担当分野に関連がありそうなものは回答者の担当を記載しています。

「遊び・趣味はプラモとかラジコン、ゲームすらも意外と仕事にフィードバックできる。面白いと思ったことが一番身になります。」

「引き出しは増やしておくほうがいい。後で役に立つかどうかはそのときにはわからない。」

「気になったもの(ガジェット、スマホ、アプリ、電子工作キット、PCなど)は理由を付けて買って散財しておくと、いつか役に立つかもしれない。」

「とにかく手を動かして相場感とネタを身につけておくと、いつか役に立つ。」

「やりたいこと実現するためには、目の前のことを積み重ねて落とし所を見つけること。」

「自分の触った事のないジャンルは結構アイデアの宝庫。」

「電気・メカ・ソフトを自分でやることでエンジニアとしての視野が広がる。」

「なるべく曖昧なワードでググるといい。」

「エンジニアは特に開発を進める上で先の日程が読みにくい(だいたい遅れる)・成果が数値化しにくい。 だからこそ自分のモチベーション(軸)が何かを早く見つけて伸ばすことが大事だと思います。」

「自分が苦手そうな人にあえて話をしにいって人見知りしないようにする。(プロマネ兼任)」

「技術の変遷が速いので臨機応変な適応力が必要。深くマスターするよりいろんなものを即自分の道具として使いこなせるような訓練をしたほうがいい。 ただ、Linuxやネットワークプロトコルなどの知識はずっと役に立つ。(アプリ担当)」

「何より先に熱設計をやるべき。(電気担当)」

「深圳を上手く使え。 ドル円105円くらいになれ。」

「向上心のないものは馬鹿だ。
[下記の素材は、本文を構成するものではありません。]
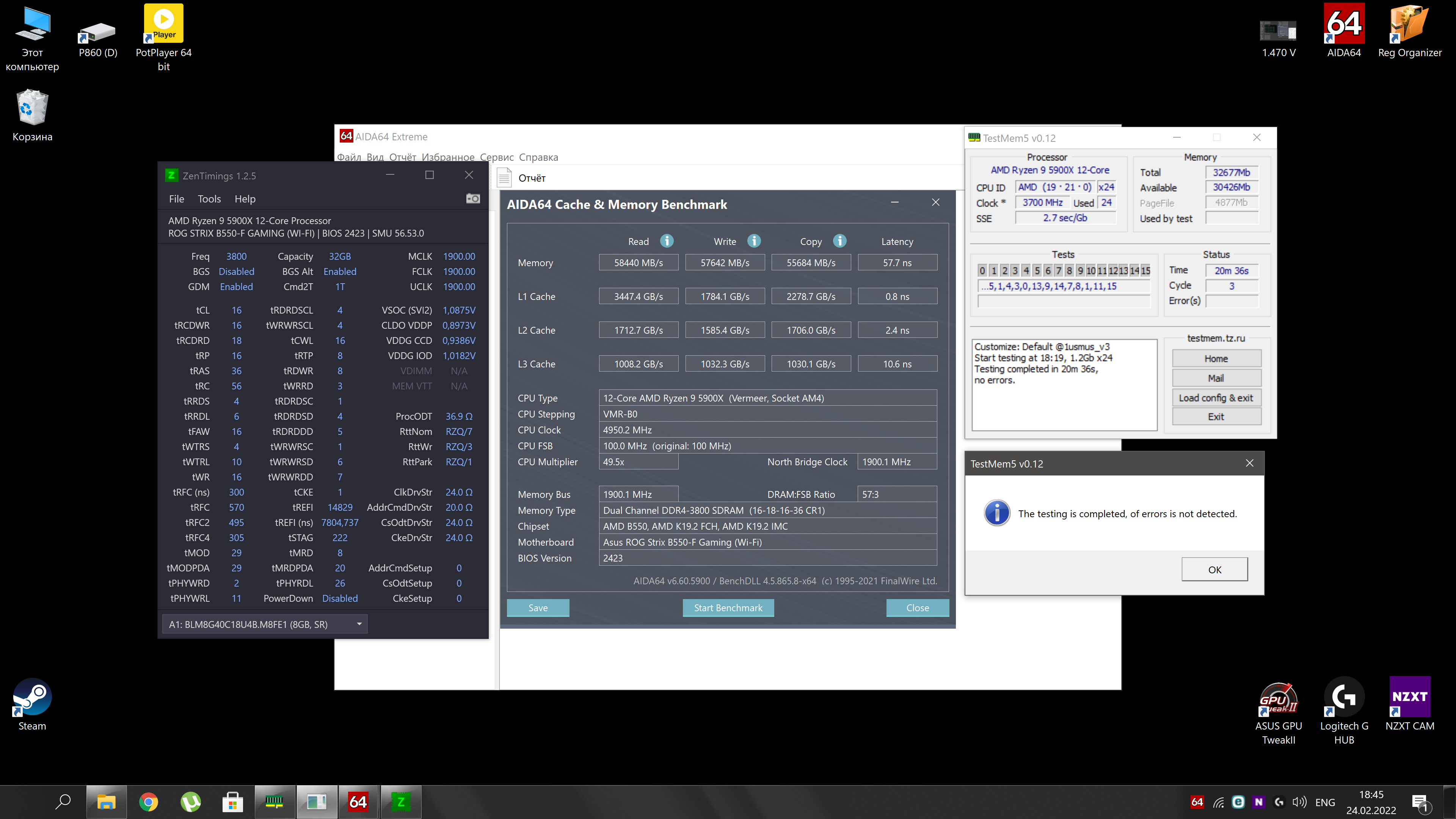 Доразогнал в текущем порядке установки планок. Прошел Мемтест 1100% ночью, ТМ5 @anta777 Extreme1 проходит.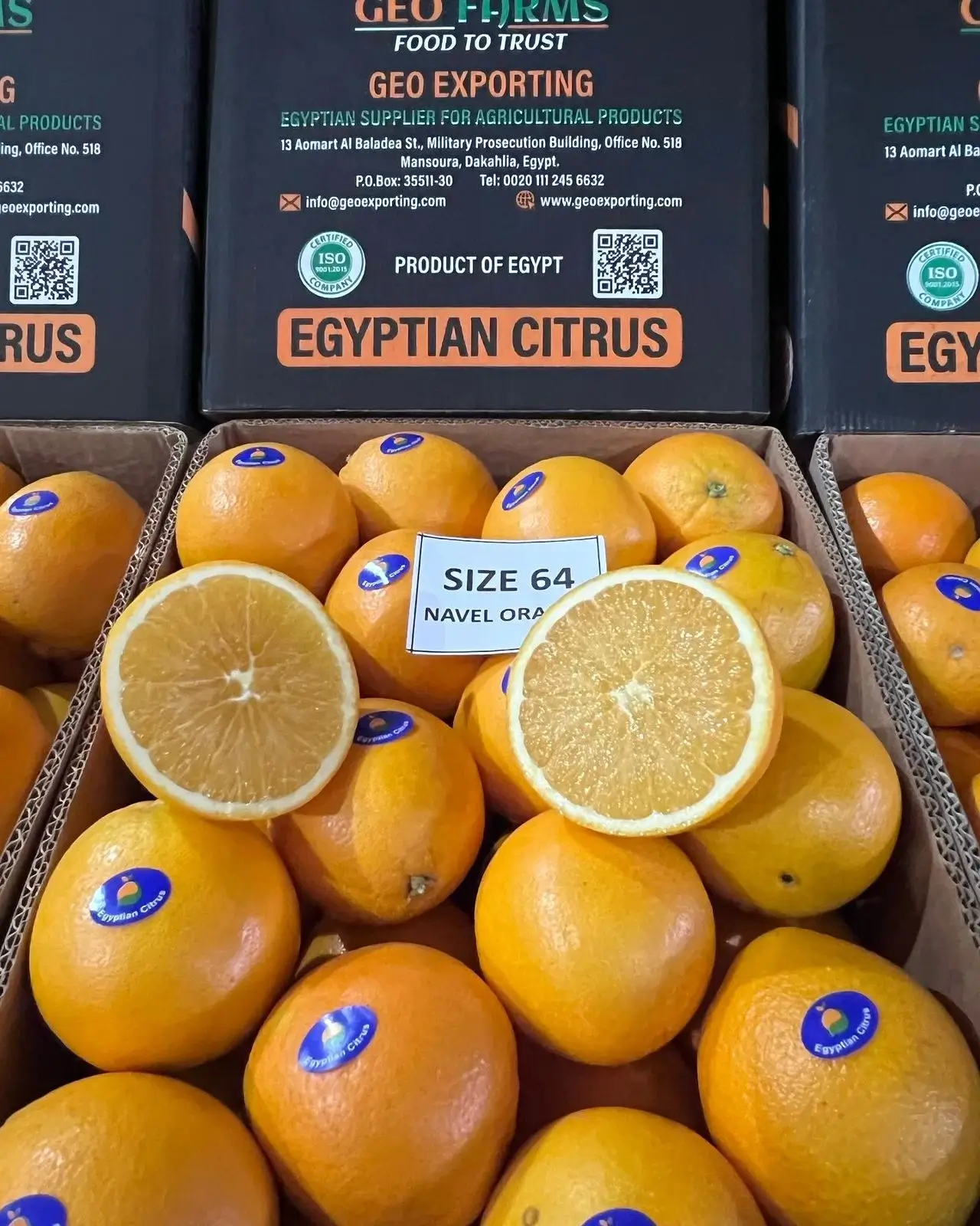 GEO EXPORTING is a premier Egyptian Navel Oranges Supplier, delivering the world’s favorite winter table orange directly from the Nile Delta. Known for their seedless flesh, large caliber, and exceptional sweetness, our harvest runs Nov–Mar.

」

「運動、瞑想、睡眠、野菜350g。」

「追い詰められると大体、なんでもできる。」

「楽しく学べ。」

 

以上、Cerevoに在籍するエンジニアが仕事に使う知識・スキルを獲得する方法について、まとめてみました。
エンジニアを目指す同志の皆さん、とりあえず自分の手を動かすところから始めていきましょう!